§ **GOAL OF THE EXERCISE**:
Your job here is to restate every record exactly, pictures excluded.

§ **Records from a collection**:
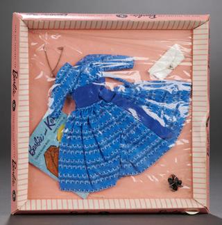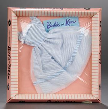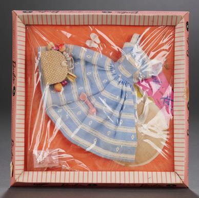 11.5” (29 cm.) Blue pinstripe cotton sundress with sheer nylon overlay accented with small bows. Near mint condition. Mattel, 1962. Includes booklet in original packaging marked “#933 Movie Date.” $100/200
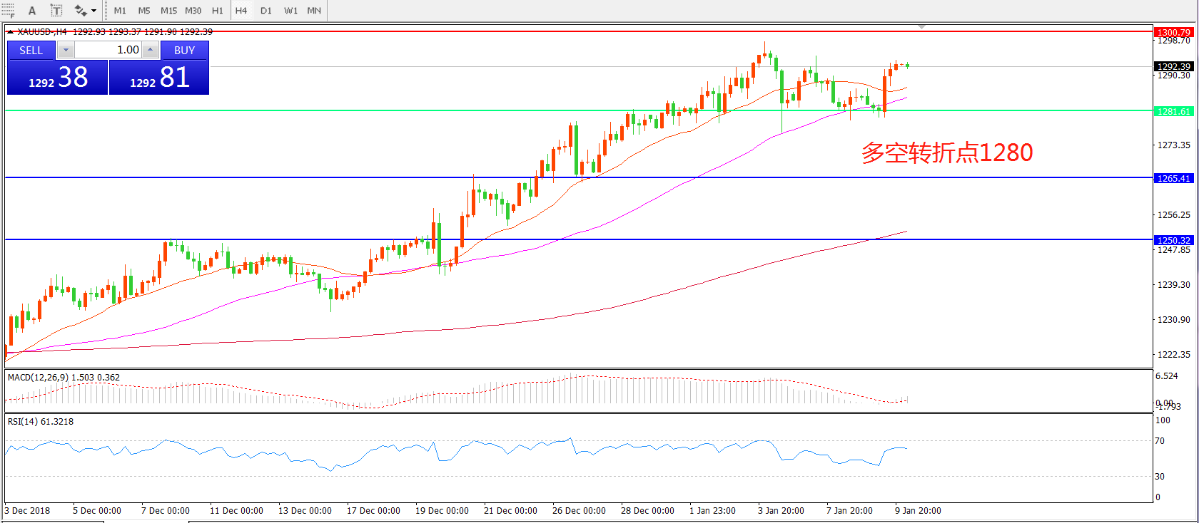 交易策略:在1280.00之上看涨,目标1300.00  1319.00
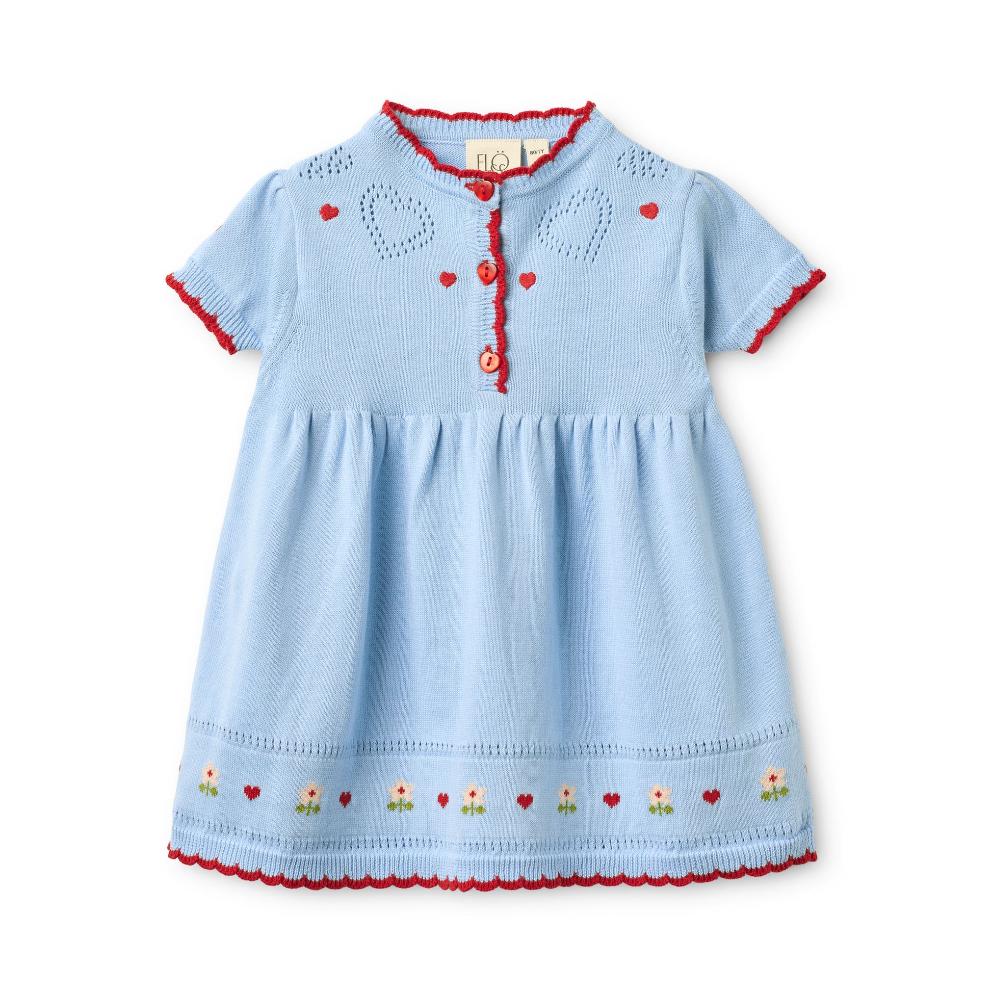 Das Blanca Kleid ist aus weichem Baumwollstrick gefertigt und besticht durch liebevolle Herz-Pointelle-Details am Ausschnitt. Kontrastierende, gewellte Abschlüsse am Rippbund, ein florales Muster am Saum sowie eine durchgehende Knopfleiste mit roten, herzförmigen Knöpfen verleihen dem Design einen verspielten und zugleich stilvollen Charakter.
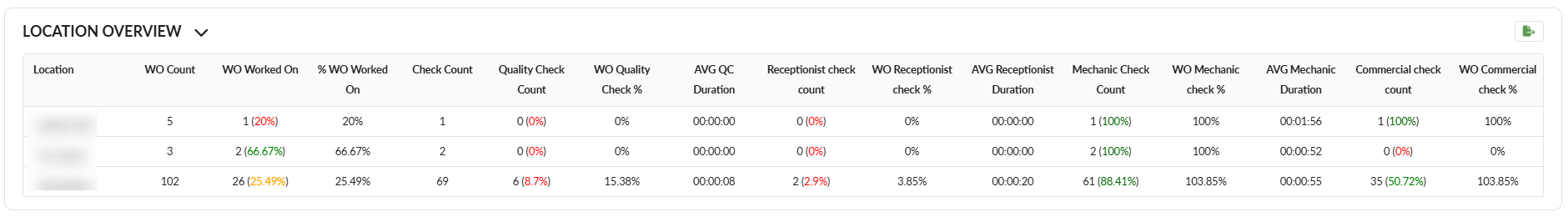 WO Quality Check %: Percentage of WO Worked that contains a quality check.
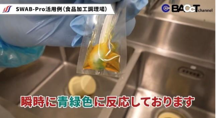 動画では、左側(下図左)の洗浄済みエリアに対して拭き取り検査を行い、反応が出なかったことで「適切に洗浄されていた」と判断。一方、右側(下図右)の未洗浄エリアでは青緑色の反応が出たため、再洗浄→再検査という流れで衛生状態を確認しています。

§ **FINISHED TASK**:
 11.5” (29 cm.) Blue pinstripe cotton sundress with sheer nylon overlay accented with small bows. Near mint condition. Mattel, 1962. Includes booklet in original packaging marked “#933 Movie Date.” $100/200
 交易策略:在1280.00之上看涨,目标1300.00  1319.00
 Das Blanca Kleid ist aus weichem Baumwollstrick gefertigt und besticht durch liebevolle Herz-Pointelle-Details am Ausschnitt. Kontrastierende, gewellte Abschlüsse am Rippbund, ein florales Muster am Saum sowie eine durchgehende Knopfleiste mit roten, herzförmigen Knöpfen verleihen dem Design einen verspielten und zugleich stilvollen Charakter.
 WO Quality Check %: Percentage of WO Worked that contains a quality check.
 動画では、左側(下図左)の洗浄済みエリアに対して拭き取り検査を行い、反応が出なかったことで「適切に洗浄されていた」と判断。一方、右側(下図右)の未洗浄エリアでは青緑色の反応が出たため、再洗浄→再検査という流れで衛生状態を確認しています。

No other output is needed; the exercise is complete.